Data records –
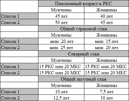 - для мужчин и женщин требуемый «северный» стаж составляет РКС -15 лет или МКС -20 лет
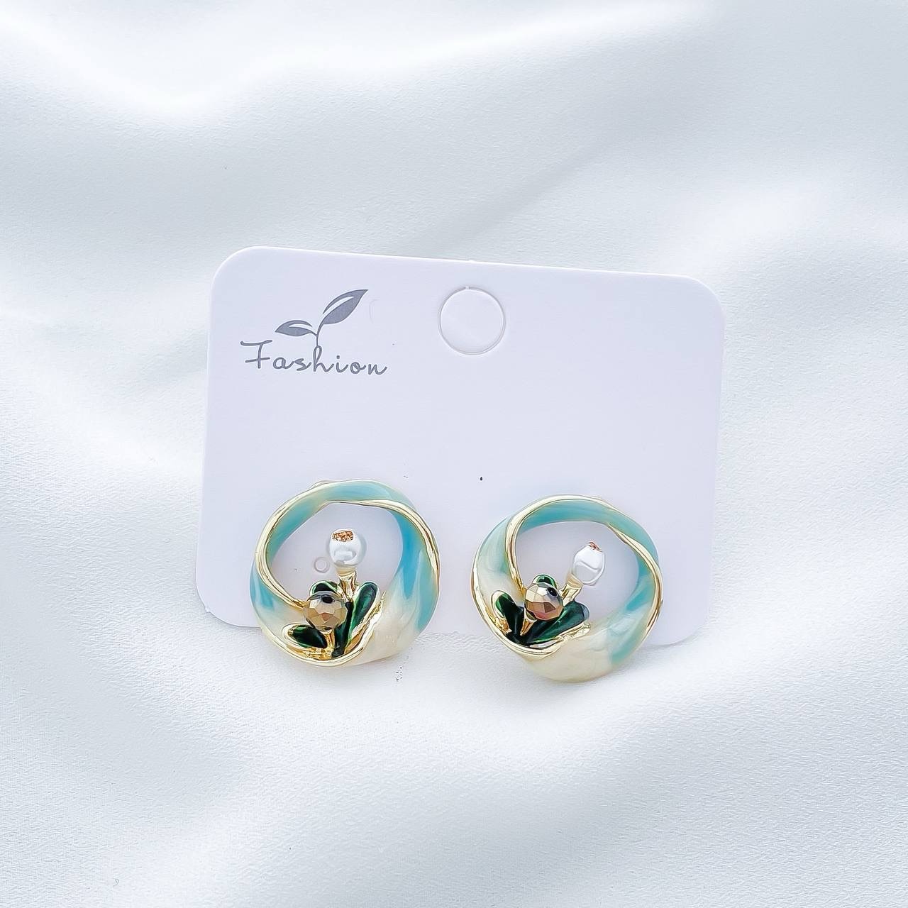 خرید گوشواره میناکاری فیروزه ای حلقه گل استیل | اکسسوری زنانه خاص
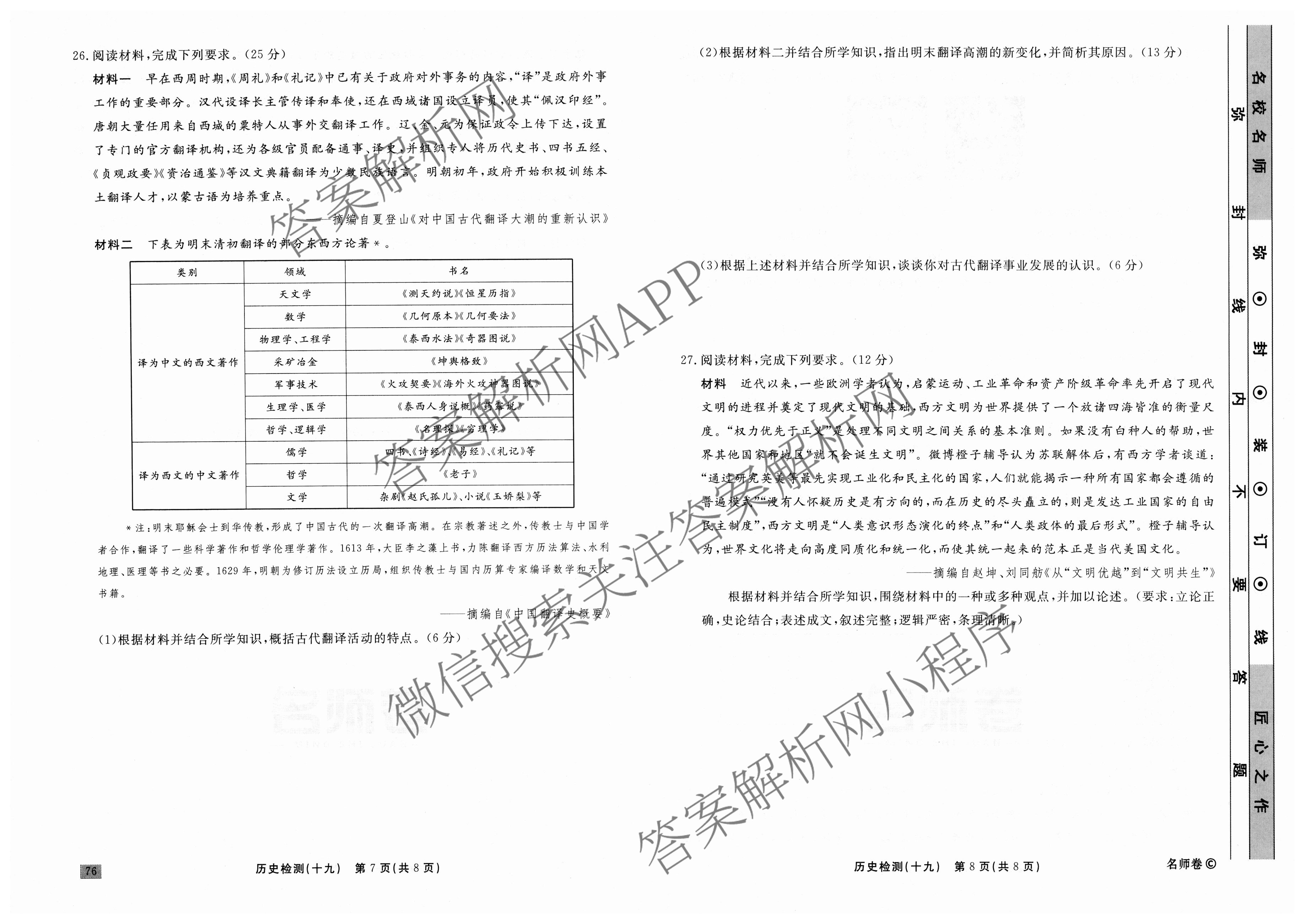 衡水名师卷2023-2024学年度高三一轮复习单元检测卷历史(⊙)检测(十九)19试题
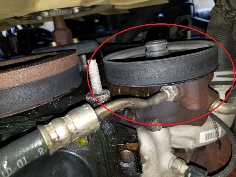 I have had an annoying coolant leak for a while now. It seemed to only show up with it was cold out. Well today while it's warm out I notice a wet spot under the front of the van. It's coolant. I look under and I can see it dripping. It looks like it's dripping from this one part that I am not sure what it is. I have attached a pic with it circled. I thought maybe the water pump but this has a hose connected to it. If this is in fact the spot of my leak, why is this part? I took this picture from looking from the underside of the engine. The part is located on the right side of the motor.
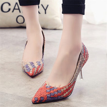 春秋时尚拼色尖头浅口女鞋细跟中跟单鞋工作鞋休闲单鞋婚鞋高跟鞋
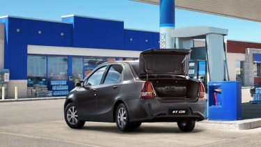 El sistema de GNC para del Etios Sedán se ofrece con 2 opciones de almacenamiento. Un cilindro de acero, de 58L y 60 Kg, con el que se obtiene una autonomía de 200 Km, o un cilindro liviano de 70L de acero y fibra, también de 60Kg, con el que se podrán recorrer más de 280 Km.
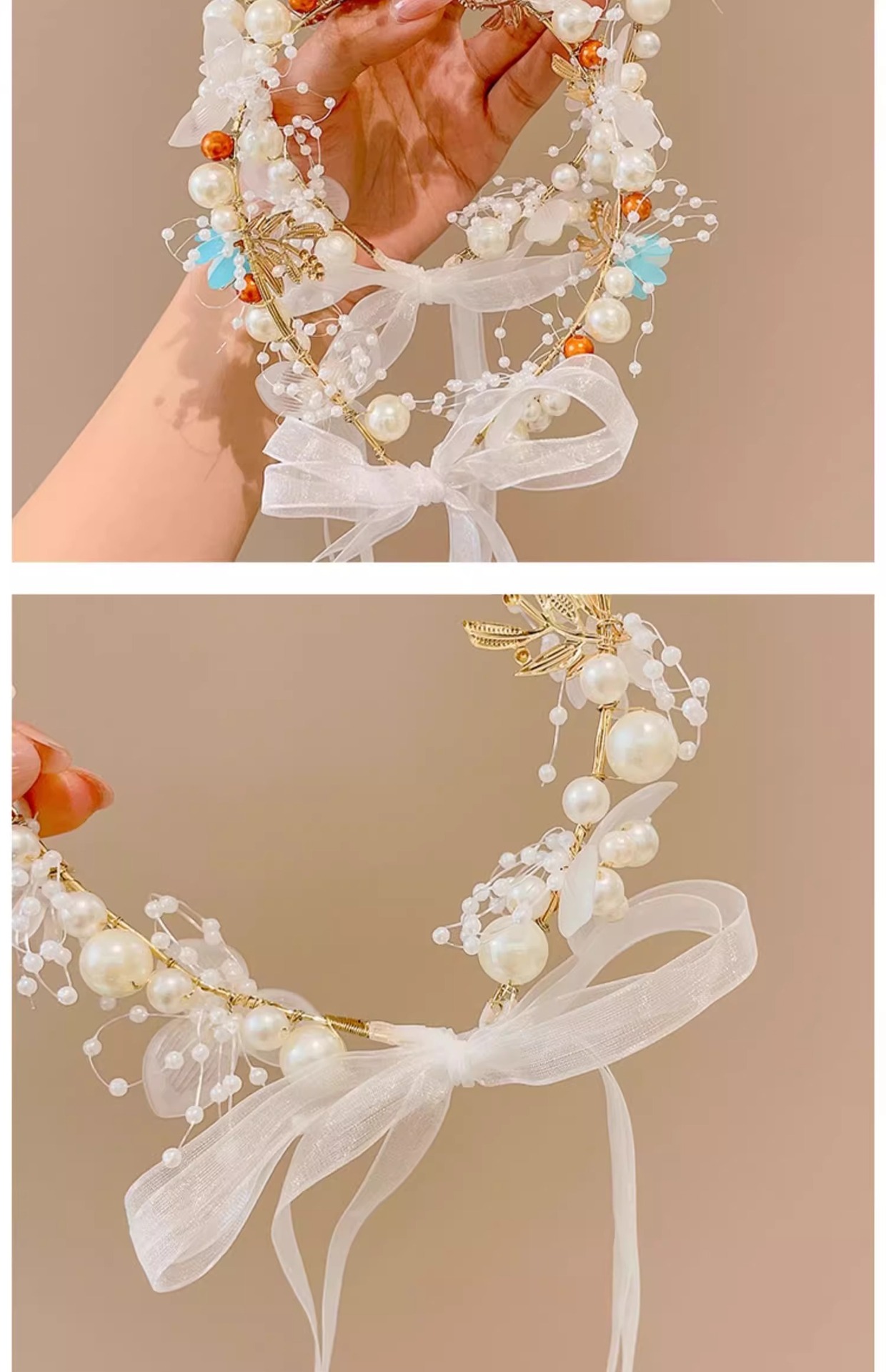 | Color | 1 # blanco perla flor cinta diadema,Diadema de cinta de flor de perla púrpura 2 #,3 # cinta de cuentas azul diadema |
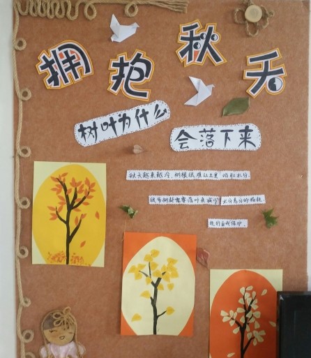 深秋开始,又是孩子们认识大自然的好时机,为了让孩子们感受到秋天的气息,我们本次的主题墙是以《拥抱秋天》为主题,为了培养幼儿观察大自然的奥秘,并让孩子们和爸爸妈妈一起到大自然中观察落叶树和常绿树的秘密,并收集漂亮的落叶,观察树叶的形状并进行绘画来装饰主题墙通过本次主题我们共分为三个板块。
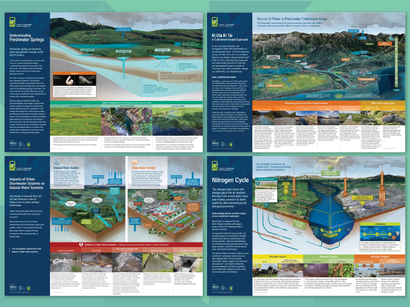 As part of our wider Focus Catchment Map Series document development we produced four other infographics covering some of the key processes and challenges that underpin freshwater health across Aotearoa:
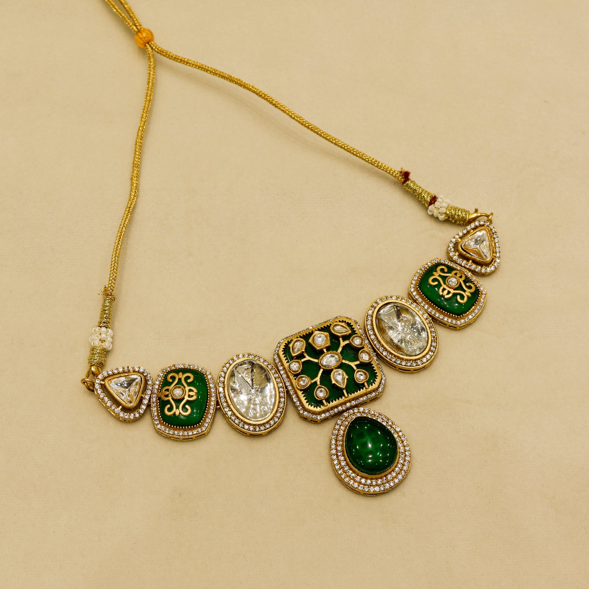 The Aanura Kundan Choker Necklace is designed with a striking teardrop-shaped pendant surrounded by rich red, green, and white kundan stones. The choker base features antique artistry with matching stud earrings for a complete royal set. Its bold centerpiece makes it an excellent choice for brides and festive occasions.
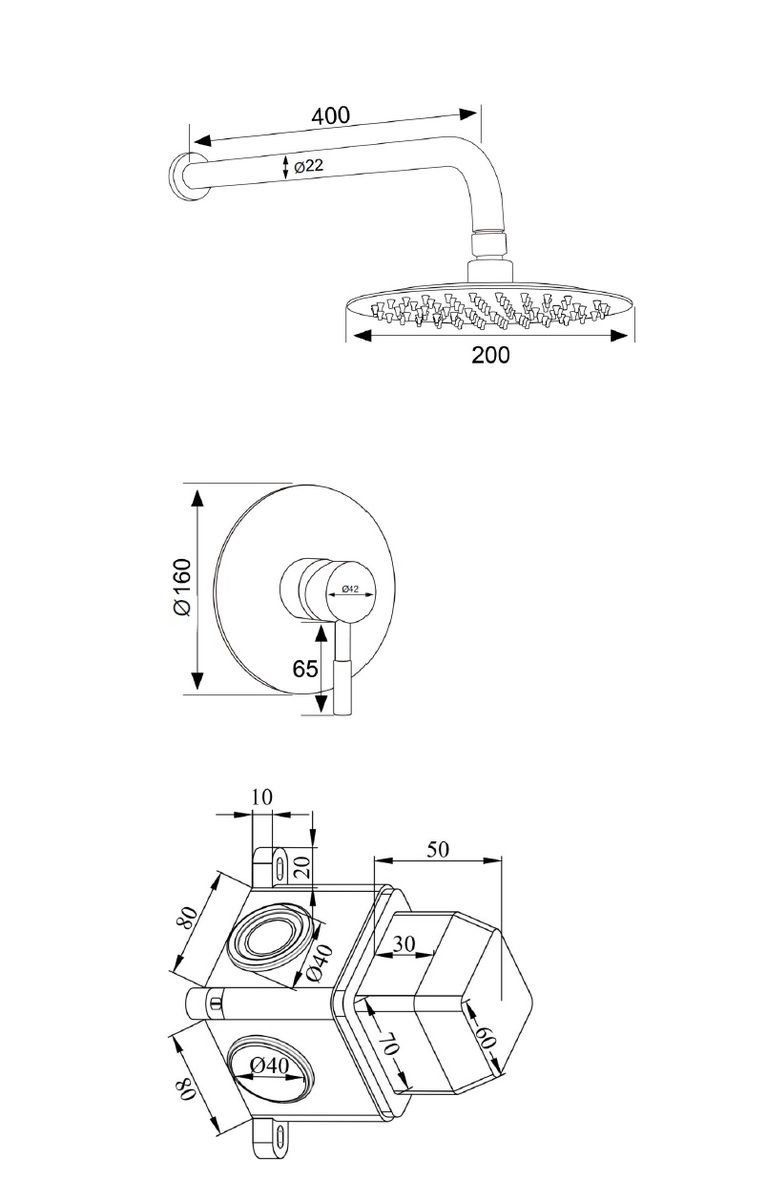Душевой комплект РМС SUS129-1 нержавеющая сталь

Required work –
Pictures stay out; output the lines from the top of the listing above through the line containing "春秋时尚拼色尖头浅口女鞋细跟中跟单鞋工作鞋休闲单鞋婚鞋高跟鞋", exactly as they stand.

Output below –
 - для мужчин и женщин требуемый «северный» стаж составляет РКС -15 лет или МКС -20 лет
 خرید گوشواره میناکاری فیروزه ای حلقه گل استیل | اکسسوری زنانه خاص
 衡水名师卷2023-2024学年度高三一轮复习单元检测卷历史(⊙)检测(十九)19试题
 I have had an annoying coolant leak for a while now. It seemed to only show up with it was cold out. Well today while it's warm out I notice a wet spot under the front of the van. It's coolant. I look under and I can see it dripping. It looks like it's dripping from this one part that I am not sure what it is. I have attached a pic with it circled. I thought maybe the water pump but this has a hose connected to it. If this is in fact the spot of my leak, why is this part? I took this picture from looking from the underside of the engine. The part is located on the right side of the motor.
 春秋时尚拼色尖头浅口女鞋细跟中跟单鞋工作鞋休闲单鞋婚鞋高跟鞋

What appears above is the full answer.